__Task objective__. It is required that the lines from the top of the listing through the line with "活动中,老师们与当地村民们一" be reproduced exactly, excluding pictures.

====== Recorded data

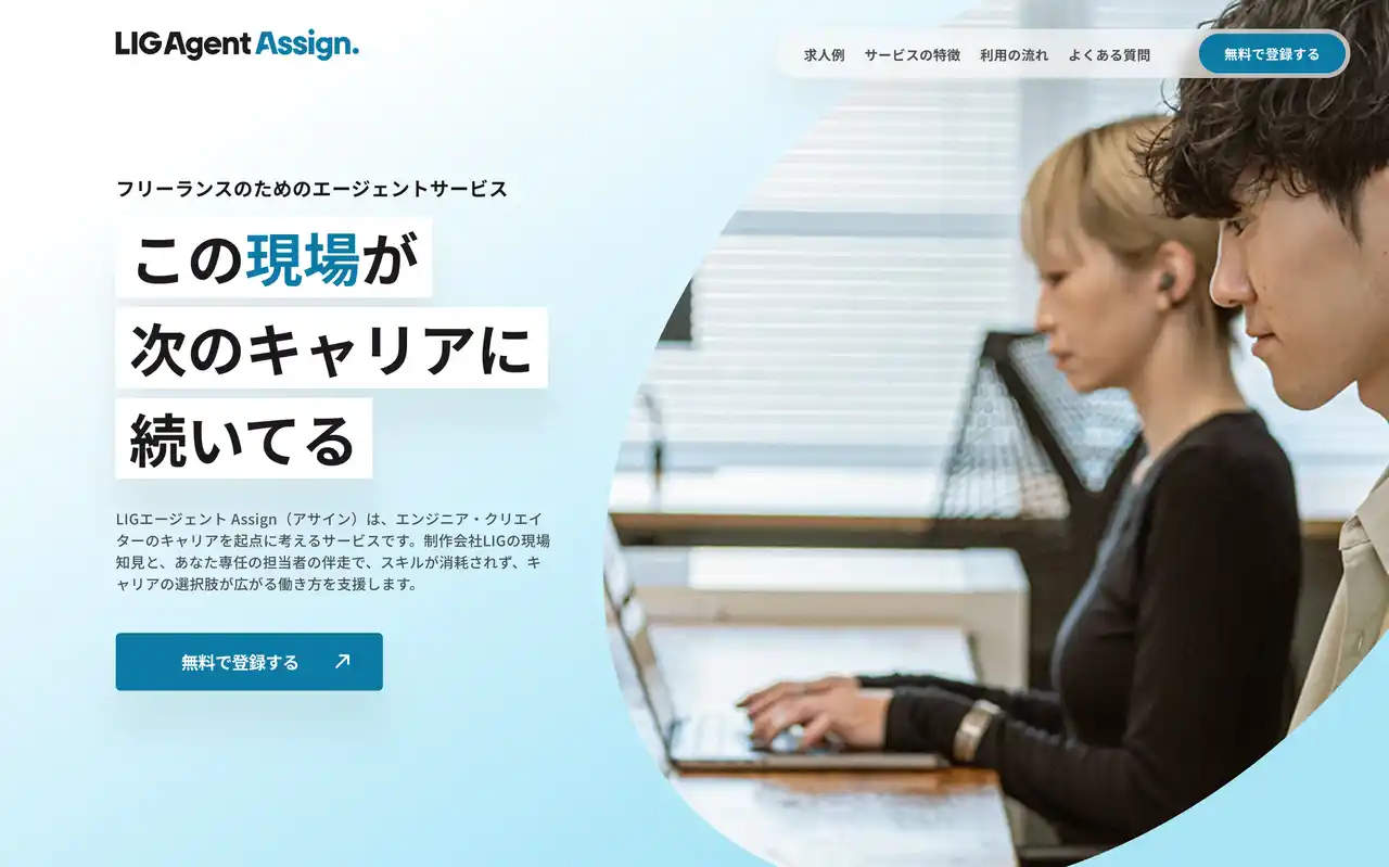 株式会社LIG(本社:東京都台東区、代表取締役社長:大山 智弘)は、2026年3月、フリーランスのクリエイター・エンジニアに特化したエージェントサービス「LIG Agent Assign(リグエージェント アサイン)」をリリースしました。 |
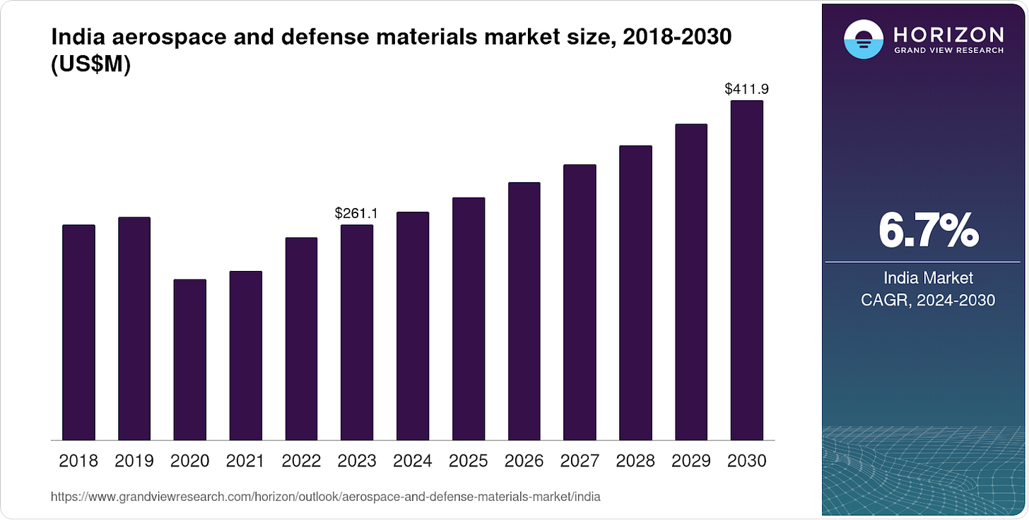 Zoom out: India’s aerospace and defence materials market is on a steady growth path, expected to reach $412 million by 2030. Driven by a 6.7% annual rate, the expansion reflects rising defence spending.
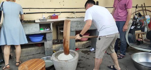活动中,老师们与当地村民们一起体验艾叶米粿的制作,通过自己的双手创造美好生活,也体会美食的来之不易。随后大家一起露天用餐,一起品尝一道道美食的同时,拉起了家常,在色香味形俱佳的菜肴中,散发着浓浓的人间烟火气,让老师们实实在在体会了大家庭的温暖。
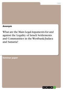 Seminar paper from the year 2021 in the subject Law - European and International Law, Intellectual Properties, grade: 1,3, , language: English, abstract: The years of discussion about the question of the legal status of the settlements already indicates that it is not easy to come up with a distinct answer. For this reason, this paper does not aim to provide a definitive determination of the legal status of the Israeli settlements/communities in West Bank/Judea and Samaria (= Occupied Palestinian Territory = OPT). Rather, the goal to examine the legal arguments put forward by the various parties to the conflict and other actors in this debate and to explain why it is so difficult to come to a clear answer. The first step will be a brief overview of the Israeli settlements/communities in general. Here I focus primarily on the critical aspects of the Israeli settlements/communities in order to make clear why they are so controversial. Then the arguments supporting illegality are presented. A distinction must be made here between the arguments based on the International Humanitarian Law and the arguments based on the International Human Rights Law. To continue with the other side, the arguments for the legality of settlements will be considered, in order to finally draw some conclusions in relation to the question.

============

__Final answer__.
 株式会社LIG(本社:東京都台東区、代表取締役社長:大山 智弘)は、2026年3月、フリーランスのクリエイター・エンジニアに特化したエージェントサービス「LIG Agent Assign(リグエージェント アサイン)」をリリースしました。 |
 Zoom out: India’s aerospace and defence materials market is on a steady growth path, expected to reach $412 million by 2030. Driven by a 6.7% annual rate, the expansion reflects rising defence spending.
活动中,老师们与当地村民们一起体验艾叶米粿的制作,通过自己的双手创造美好生活,也体会美食的来之不易。随后大家一起露天用餐,一起品尝一道道美食的同时,拉起了家常,在色香味形俱佳的菜肴中,散发着浓浓的人间烟火气,让老师们实实在在体会了大家庭的温暖。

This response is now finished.